▽

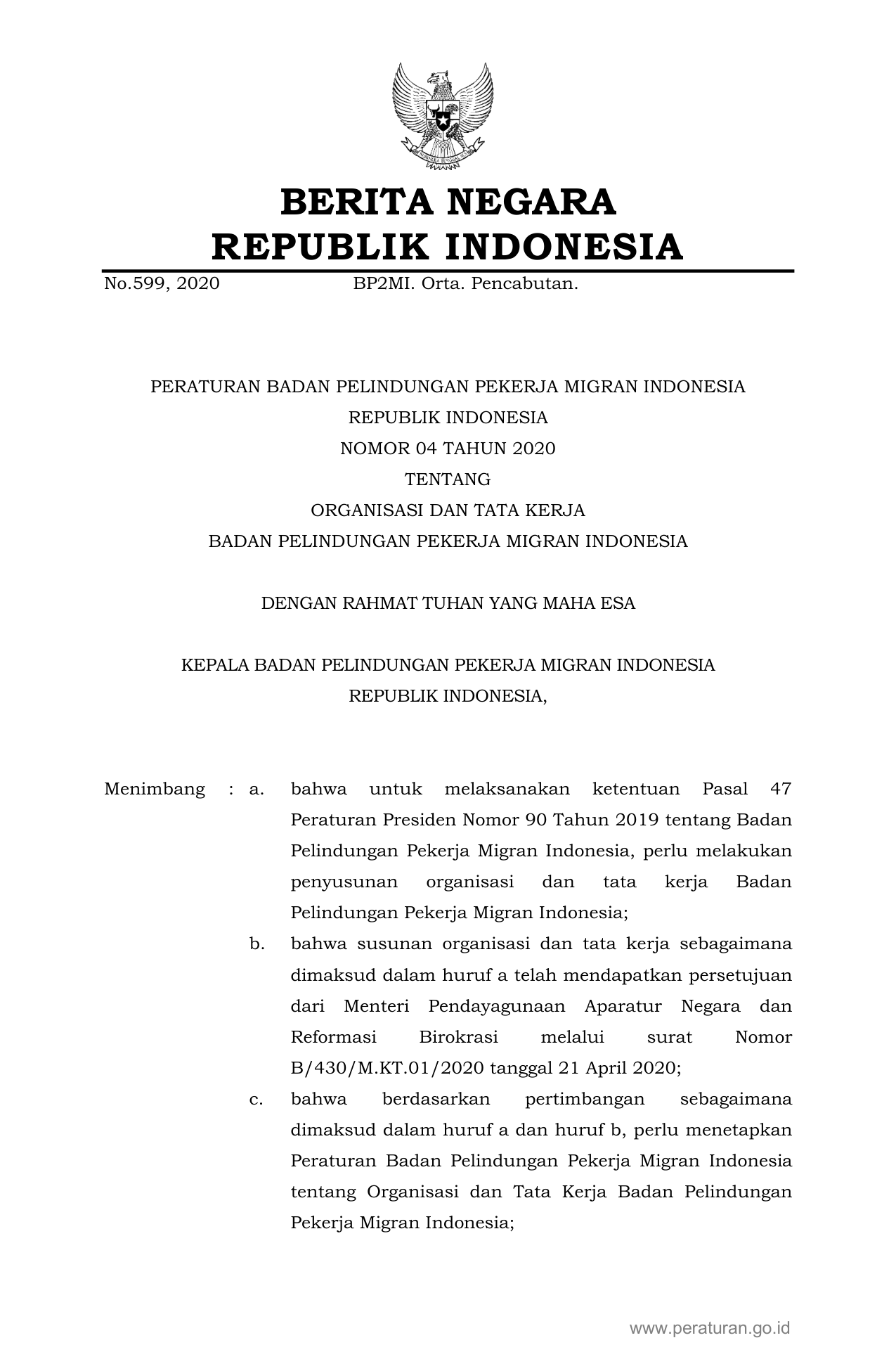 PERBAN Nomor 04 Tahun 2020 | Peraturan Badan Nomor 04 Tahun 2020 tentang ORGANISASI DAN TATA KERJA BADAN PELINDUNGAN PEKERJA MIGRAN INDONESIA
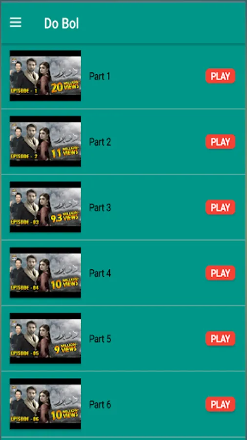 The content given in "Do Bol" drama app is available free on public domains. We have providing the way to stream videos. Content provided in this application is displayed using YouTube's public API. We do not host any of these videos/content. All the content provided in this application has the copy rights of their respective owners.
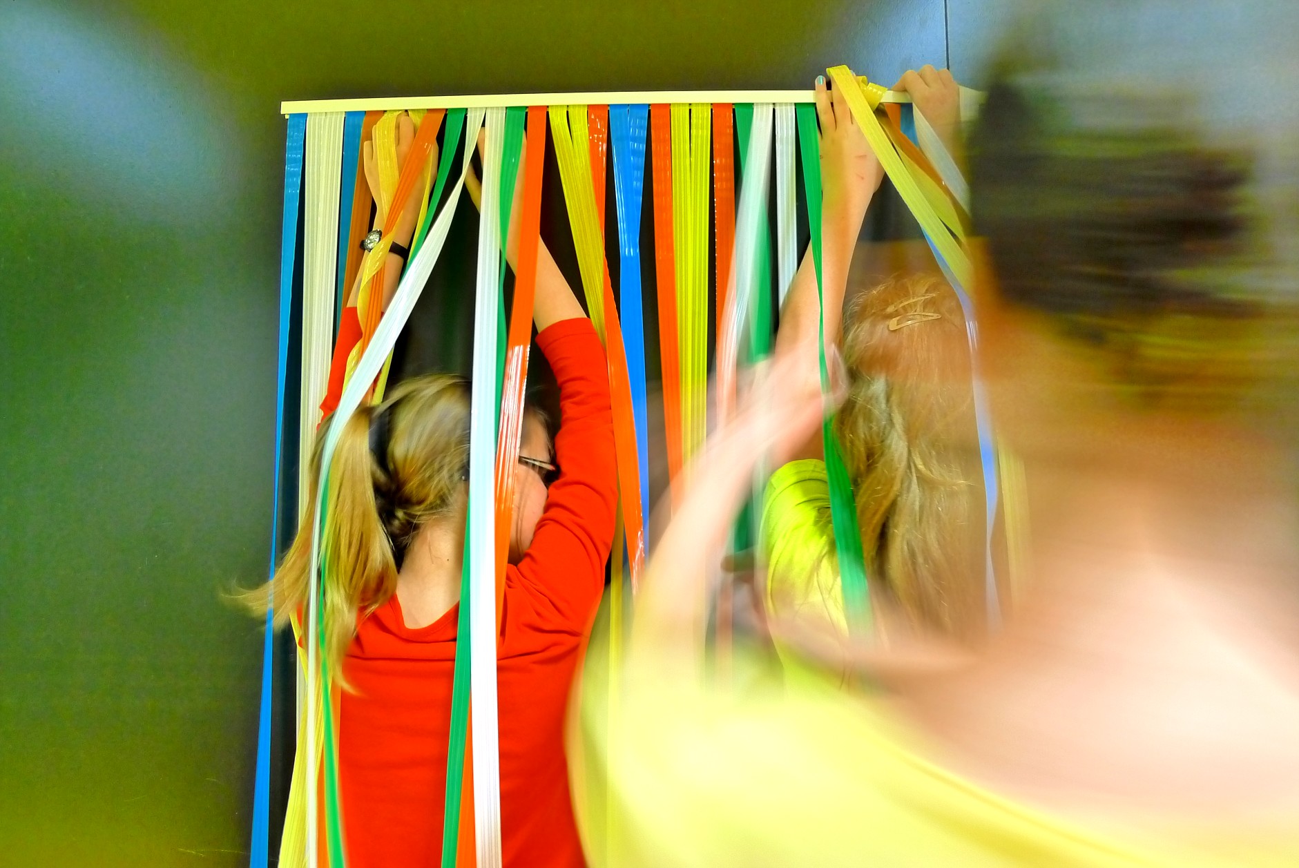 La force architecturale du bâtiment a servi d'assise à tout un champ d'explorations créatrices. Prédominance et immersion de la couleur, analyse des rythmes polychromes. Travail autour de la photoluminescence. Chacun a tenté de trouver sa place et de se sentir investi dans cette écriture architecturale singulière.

△

Task prompt —
Give the listing again, exactly as it appears, but without its images.

Answer to the exercise —
 PERBAN Nomor 04 Tahun 2020 | Peraturan Badan Nomor 04 Tahun 2020 tentang ORGANISASI DAN TATA KERJA BADAN PELINDUNGAN PEKERJA MIGRAN INDONESIA
 The content given in "Do Bol" drama app is available free on public domains. We have providing the way to stream videos. Content provided in this application is displayed using YouTube's public API. We do not host any of these videos/content. All the content provided in this application has the copy rights of their respective owners.
 La force architecturale du bâtiment a servi d'assise à tout un champ d'explorations créatrices. Prédominance et immersion de la couleur, analyse des rythmes polychromes. Travail autour de la photoluminescence. Chacun a tenté de trouver sa place et de se sentir investi dans cette écriture architecturale singulière.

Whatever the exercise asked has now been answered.